* What you should do
Could you retype the lines below, starting at the line holding "Zur >> Einladung!" and stopping at the line holding "张院长一行从餐具消毒、餐厅卫", inclusive? Copy them exactly and drop the images.

* Provided information
=======

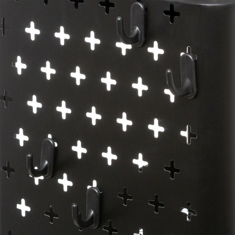Idée astucieuse : crochets à mettre dans l’un ou l’autre des orifices en croix pour accrocher les ustensiles.
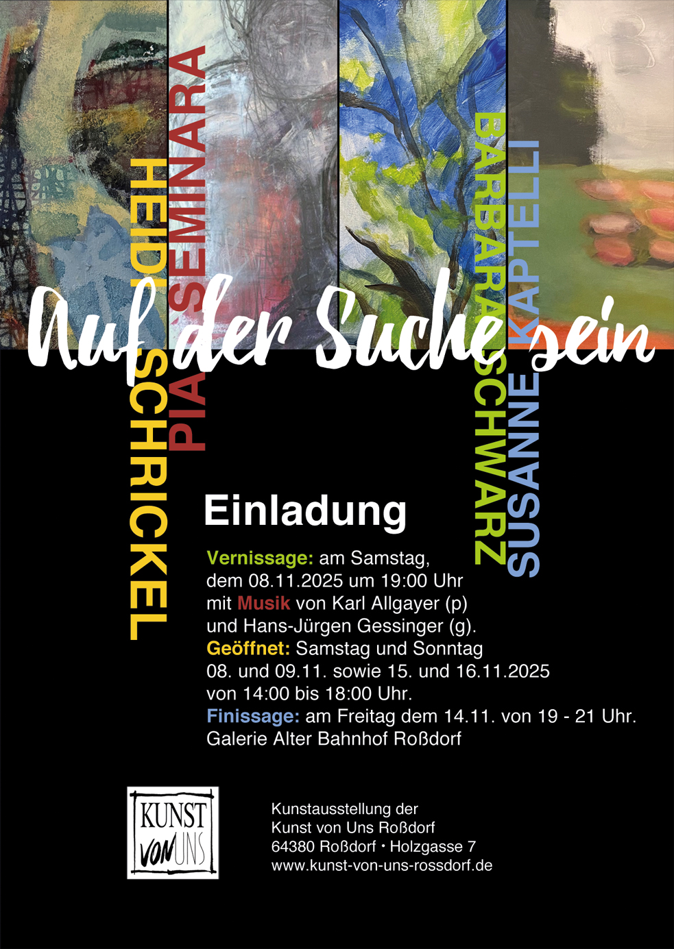 "Auf der Suche sein" titelt unsere nächste Ausstellung. Die Künstlerinnen Susanne Kaptelli, Heidi Schrickel, Barbara Schwarz und Pia Seminara zeigen ihre Werke und lassen sich gerne auf Gespräche ein. DIe Vernissage findet am Samstag, dem 08. November 2025 um 19:00 Uhr in der Galerie Alter Bahnhof statt! Ab 19:00 Uhr gibt es Live-Musik mit Karl Allgayer am Keyboard und Hans-Jürgen Gessinger an der Gitarre! Wir freuen uns auf Ihren Besuch. Die Ausstellung ist außerdem geöffnet Samstags am Sonntags, bis zum 16. November von 14:00 bis 18:00 Uhr. Am Freitag, dem 14. 11. veranstalten wir eine Midissage von 19:00 bis 21:00 Uhr. Zur >> Einladung!
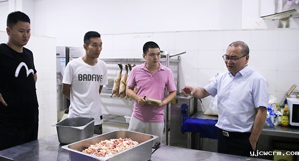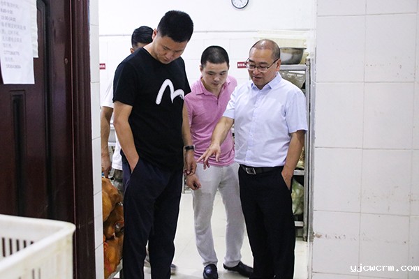 张院长一行从餐具消毒、餐厅卫生、原料仓库、进货台账、操作规范、生熟分开、食品加工等多个方面对食堂进行了全面检查,并提出明确要求:一是食堂员工必须衣着穿戴整洁干净,禁止佩戴首饰;二是食堂卫生每天都要进行大扫除,要全方位将垃圾清理干净;三是对于易变质的肉类食物要做相应的保鲜处理,杜绝食品过期变质;四是食堂必须要有一套完善的管理制度,要落实主要负责人,负责人要牵头做好食堂的食品安全工作;五是学院后勤保障部要加大对食品安全的监管力度,协助食堂做好相应工作。
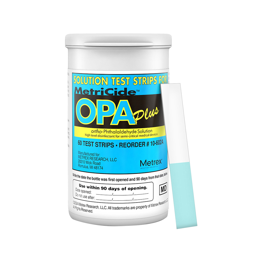 MetriCide OPA Plus Solution Test Strips are a concentration monitor dedicated for use with MetriCide OPA Plus with a minimum recommended concentration (MRC) of 0.3%
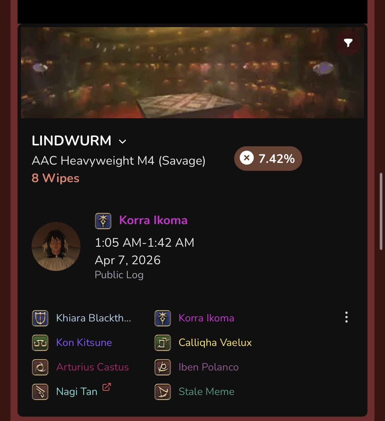 >>562808112https://www.fflogs.com/reports/hnK6pjcZ9yQL4J8x?fight=91
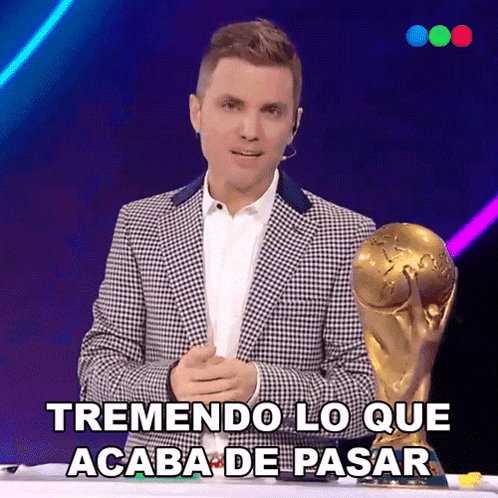 Santiago Del Moro reacts dramatically, holding a trophy, exclaiming "Tremendous what just happened."

=======

* Response below
 "Auf der Suche sein" titelt unsere nächste Ausstellung. Die Künstlerinnen Susanne Kaptelli, Heidi Schrickel, Barbara Schwarz und Pia Seminara zeigen ihre Werke und lassen sich gerne auf Gespräche ein. DIe Vernissage findet am Samstag, dem 08. November 2025 um 19:00 Uhr in der Galerie Alter Bahnhof statt! Ab 19:00 Uhr gibt es Live-Musik mit Karl Allgayer am Keyboard und Hans-Jürgen Gessinger an der Gitarre! Wir freuen uns auf Ihren Besuch. Die Ausstellung ist außerdem geöffnet Samstags am Sonntags, bis zum 16. November von 14:00 bis 18:00 Uhr. Am Freitag, dem 14. 11. veranstalten wir eine Midissage von 19:00 bis 21:00 Uhr. Zur >> Einladung!
 张院长一行从餐具消毒、餐厅卫生、原料仓库、进货台账、操作规范、生熟分开、食品加工等多个方面对食堂进行了全面检查,并提出明确要求:一是食堂员工必须衣着穿戴整洁干净,禁止佩戴首饰;二是食堂卫生每天都要进行大扫除,要全方位将垃圾清理干净;三是对于易变质的肉类食物要做相应的保鲜处理,杜绝食品过期变质;四是食堂必须要有一套完善的管理制度,要落实主要负责人,负责人要牵头做好食堂的食品安全工作;五是学院后勤保障部要加大对食品安全的监管力度,协助食堂做好相应工作。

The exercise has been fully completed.